# Halton Sportsmen's Association First Shoot of 2018



## bearcave (Apr 18, 2011)

The Halton Sportsmen's Association will be hosting our first shoot of 2018 on Sunday April 8th. We have 2 loops of 20 targets each, and offer a very challenging course. 
The shoot will start at 10 am, shotgun start. Registration opens at 8:30 am. 
This is an open shoot and all bows are welcome.
There will be a BBQ lunch at the midway point of the shoot. 
We are located at 5125 Steele's Ave. West, up on the escarpment between Bell School Line and Appleby Line on the north side. Hope to see you there.


----------



## chris9potter (Nov 24, 2016)

I’m assuming this is a 3D Shoot? Do we need to pre-register or do we just show up?


----------



## DXTCLUE (Apr 4, 2010)

Galt Sportsmen Club has a 3d tournament the same day.


----------



## chris9potter (Nov 24, 2016)

I saw the Galt one on the OAA website.

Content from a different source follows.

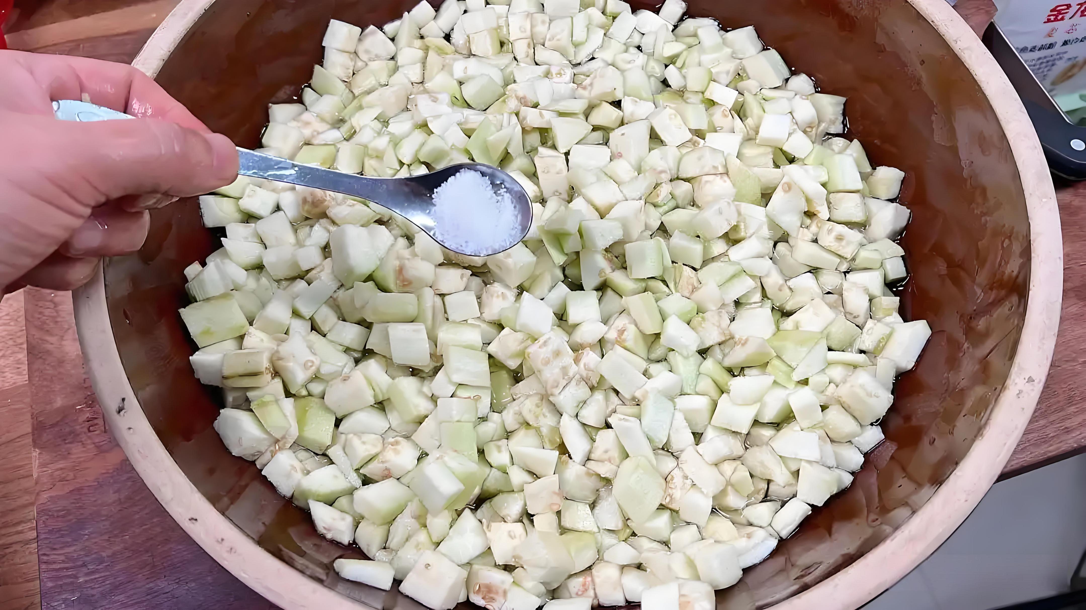 挑兩根水靈靈的長茄子,洗淨削皮(不去皮也行,看喜好),切成小丁,別太碎,留點口感。切好的茄子丁放盆裏,撒上兩小勺鹽,用手抓勻,醃上十來分鐘。鹽一撒,茄子裏的水就開始往外冒了。時間到了,找塊乾淨的紗布(或者結實的廚房紙巾也行),把醃出水的茄子丁使勁兒攥幹!這一步可別偷懶,攥得越幹,待會兒拌餡才清爽,蒸出來包子纔不會水唧唧的。攥幹後的茄子丁看着就精神多了。
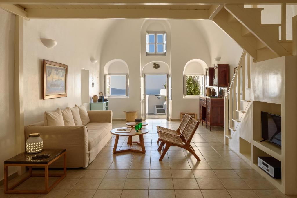 Two luxurious villas perch above the volcanic cliffs, offering views of the famous Caldera of Santorini and the Aegean Sea. Revelis Villa & Canava are ideally located in the centre of Fira for strolls throughout the day and at night, while yet being in a quiet suburb. Excellent dining options, a wide variety of shops to browse, and a vibrant nightlife are all only a short stroll from your property.

I’m coming from Mississauga and this shoot is closer for me. Just want to know which bow to bring with me 3D or Field/Target? It’s not listed in the Halton Sportsmen’s site so I can’t sort it out on my own. I do appreciate the reply though


----------



## bearcave (Apr 18, 2011)

Sorry, it is a 3D shoot and just show up.


----------



## chris9potter (Nov 24, 2016)

Cool, I’m hoping to attend.


----------